Jekyll and Hyde bacteria helps or kills, depending on chance

Date:
July 5, 2012
Source:
Michigan State University
Summary:
Living in the guts of worms are seemingly innocuous bacteria that contribute to their survival. With a flip of a switch, however, these same bacteria transform from harmless microbes into deadly insecticides. Scientists have revealed how a bacteria flips a DNA switch to go from an upstanding community member in the gut microbiome to deadly killer in insect blood.

Jekyll and Hyde bacteria live and thrive in the guts of worms.
Credit: Photo courtesy of Alex Martin.

Living in the guts of worms are seemingly innocuous bacteria that contribute to their survival. With a flip of a switch, however, these same bacteria transform from harmless microbes into deadly insecticides.

In the current issue of Science, Michigan State University researchers led a study that revealed how a bacteria flips a DNA switch to go from an upstanding community member in the gut microbiome to deadly killer in insect blood.

Todd Ciche, assistant professor of microbiology and molecular genetics, has seen variants like this emerge sometimes by chance resulting in drastically different properties, such as being lethal to the host or existing in a state of mutual harmony. Even though human guts are more complex and these interactions are harder to detect, the revelation certainly offers new insight that could lead to medical breakthroughs, he said.

"Animal guts are similar to ours, in that they are both teeming with microbes," said Ciche, who worked with researchers from Harvard Medical School. "These bacteria and other microorganisms are different inside their hosts than isolated in a lab, and we're only beginning to learn how these alliances with microbes are established, how they function and how they evolve."

The bacteria in question are bioluminescent insect pathogens.
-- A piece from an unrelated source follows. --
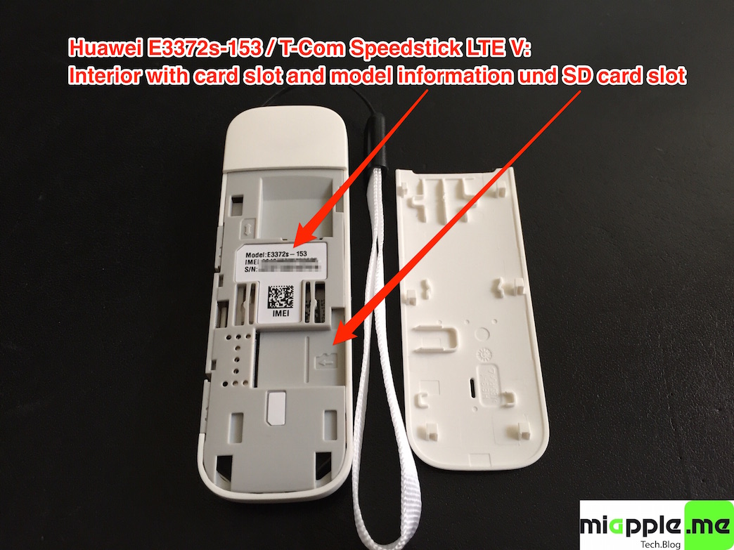 - Huawei E3372s-153 / Telekom Speedstick LTE V (LTE FDD : Cat4 DL:150Mbps/UL:50Mbps @20M BW, UMTS: DCHSPA+:42/5.76Mbps;21M/5.76Mbps;14M/5.76M, HSUPA:7.2M/5.76M, 2G: EDGE packet data service of up to 236.8kbps) with micro SD slot and two hidden connectors for external antenna (Specifications Huawei E3372):

In their mutualistic state, they reside in the intestines of worms, growing slowly and performing other functions that aid nematode's survival, even contributing to reproduction.

As the nematodes grow, the bacteria reveal their dark side. They flip a DNA switch and arm themselves by growing rapidly and producing deadly toxins. When the worms begin infesting insects, they release their bacterial insecticide.

"It's like fleas teaming up with the plague," Ciche said.

The question remains: What causes this dramatic transformation?

"If we can figure out why the DNA turns on and off to cause the switch between Jekyll and Hyde, we can better understand how bacteria enter stages of dormancy and antibiotic tolerance -- processes critical to treating chronic infections," Ciche said.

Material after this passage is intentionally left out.